Secrets then and now

‘The Hidden Life of Aster Kelly’ involves decisions that affect characters down the road.


We’ve gotten so accustomed to broadcasting the details of our lives across various social media platforms that it’s getting hard to recall that our private lives were once indeed private, by design and by necessity. Katherine A. Sherbrooke’s engrossing new novel, “The Hidden Life of Aster Kelly,” takes place during a time when scandals could destroy lives rather than make careers.

This was perhaps especially the case in the heyday of Hollywood, when artifice became reality and images were managed.

“The Hidden Life of Aster Kelly” begins in Los Angeles. The year is 1948, and Aster Kelly has traveled across the country to begin her career as a fashion designer, or so she hopes. She mentors with, and models for, the famous Hollywood couturier Fernando Tivoli, and her Lauren Bacall–like physique gets her noticed, but not for her talent as a designer. As she tells the son of a top Hollywood studio executive whom she meets while modeling and becomes romantically involved with, “I want to be known for being good at something.” His reply: “From what little I saw today, you are already very good at something.”

It’s difficult to know how much to reveal about this book. As the title indicates, there will be secrets aplenty, and complications, ethical quandaries, surprise revelations, coverups, and plot twists.

The book takes place in four locations during two time periods. Hollywood in 1948, and New York, San Francisco, and Martha’s Vineyard in 1975. (It seems like more and more literary characters are heading to the Island these days.)

Sherbrooke masterfully captures the essence, time, and places she writes about. In the 1970s section of the book, we meet Aster’s daughter, Lissy, who is a Vassar graduate, an aspiring stage actress auditioning for Broadway shows — which includes a show readers will identify as “A Chorus Line” — a working waitress who shares a studio apartment with her best friend, and a young woman who — I don’t want to finish this sentence for fear of revealing too much.

Having grown up in New York City in the ’70s, I can attest to the authenticity of her descriptions and the lives her young characters are leading.

“The walls of steam pouring out of manhole covers on every street, smelling of dirty water and hot pretzels.” Yes, indeed!

In a recent email exchange, Sherbrooke, who grew up near the city, wrote, “I have vivid memories as a kid of loving Broadway (inside the theater) and being completely terrified by the state of the streets outside. I did mostly visual research (old photographs, vintage magazines) to validate my childhood memories and fill in some of the murkier details.”

And as Vineyard insiders, we get the joke when Aster tries to track down a former boyfriend and learns that he’s moved to Martha’s Vineyard.
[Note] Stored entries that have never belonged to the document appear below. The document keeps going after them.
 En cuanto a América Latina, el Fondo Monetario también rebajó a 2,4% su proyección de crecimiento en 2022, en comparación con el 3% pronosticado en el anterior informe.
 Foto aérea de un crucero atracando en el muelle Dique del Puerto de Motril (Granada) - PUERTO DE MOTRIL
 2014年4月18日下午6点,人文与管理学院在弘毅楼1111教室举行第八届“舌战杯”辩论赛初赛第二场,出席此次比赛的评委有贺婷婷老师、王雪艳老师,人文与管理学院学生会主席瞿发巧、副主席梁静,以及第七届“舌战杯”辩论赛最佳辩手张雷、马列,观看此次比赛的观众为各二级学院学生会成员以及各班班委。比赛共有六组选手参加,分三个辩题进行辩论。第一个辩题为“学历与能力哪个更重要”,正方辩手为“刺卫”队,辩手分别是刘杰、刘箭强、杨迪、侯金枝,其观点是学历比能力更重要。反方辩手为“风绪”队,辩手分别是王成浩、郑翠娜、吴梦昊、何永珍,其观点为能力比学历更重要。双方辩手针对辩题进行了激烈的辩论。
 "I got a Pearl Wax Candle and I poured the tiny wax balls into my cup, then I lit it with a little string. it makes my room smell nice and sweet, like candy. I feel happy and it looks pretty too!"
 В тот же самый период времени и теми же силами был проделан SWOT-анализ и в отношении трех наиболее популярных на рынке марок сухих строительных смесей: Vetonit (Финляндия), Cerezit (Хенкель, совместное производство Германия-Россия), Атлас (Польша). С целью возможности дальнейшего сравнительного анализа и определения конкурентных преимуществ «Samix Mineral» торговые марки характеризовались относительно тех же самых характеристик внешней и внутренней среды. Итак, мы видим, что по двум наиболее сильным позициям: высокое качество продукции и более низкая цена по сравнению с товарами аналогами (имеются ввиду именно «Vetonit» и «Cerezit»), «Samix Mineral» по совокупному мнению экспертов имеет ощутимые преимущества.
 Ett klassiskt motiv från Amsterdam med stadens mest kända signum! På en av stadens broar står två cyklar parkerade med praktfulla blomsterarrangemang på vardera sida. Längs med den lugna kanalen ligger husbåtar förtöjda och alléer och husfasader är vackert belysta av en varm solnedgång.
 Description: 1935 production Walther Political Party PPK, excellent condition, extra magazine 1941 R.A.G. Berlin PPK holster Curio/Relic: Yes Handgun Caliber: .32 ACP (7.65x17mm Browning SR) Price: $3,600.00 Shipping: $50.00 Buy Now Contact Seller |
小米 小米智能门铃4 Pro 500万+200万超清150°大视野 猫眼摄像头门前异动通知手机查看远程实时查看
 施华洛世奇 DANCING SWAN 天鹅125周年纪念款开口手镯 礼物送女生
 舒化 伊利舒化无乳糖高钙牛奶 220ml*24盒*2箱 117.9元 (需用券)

“‘Martha’s Vineyard?’” Aster tried to place it.

“‘I know, I was surprised too. A young single man headed to an island like that? Felt kind of crazy to me, but there you have it.’”

Sherbrooke’s previous novel, “Leaving Coy’s Hill” is the story of often overlooked suffragette, feminist, and abolitionist Lucy Stone. Her new novel is more personal. Sherbrooke explained, “I was struck throughout my life by the burden some of my mother’s choices as a very young woman seemed to have on her. Although she experienced a period in her life as a runway model in Hollywood that could be construed (from the outside anyway) as very glamorous, she said she preferred to pretend that time in her life ‘had never happened.’ That left a big open question for me. What happened and why? Aster’s story is one entirely fictional answer to that question.”

Sherbrooke had to do considerable research for both books, but unlike in “Leaving Coy’s Hill,” the research for her new novel filled in the gaps instead of creating the story. As Sherbrooke explained, “Given that ‘Leaving Coy’s Hill’ sticks closely to the real life of its protagonist, Lucy Stone, my process started with research. I read about Lucy and the political environment of America in the mid-1800s for a solid year before honing in on the story and starting to write. For this book, the story came first, and then I did research to paint each scene as authentically as I could. ‘Aster Kelly’ is also different in that I have two main characters, and the novel alternates between the ’40s and the ’70s, so figuring out the structure of how to weave the two stories together was a particular challenge. I wrote Aster’s and Lissy’s stories separately, and it was during revision that I figured out how to braid them, and in so doing, was able to dig deeper into how each woman’s story is in conversation with the other.”

“The Hidden Life of Aster Kelly,” by Katherine A. Sherbrooke, is available locally at Edgartown Books and Bunch of Grapes bookstore. Whether you’re on the Vineyard or off, we encourage you to support your local bookstore.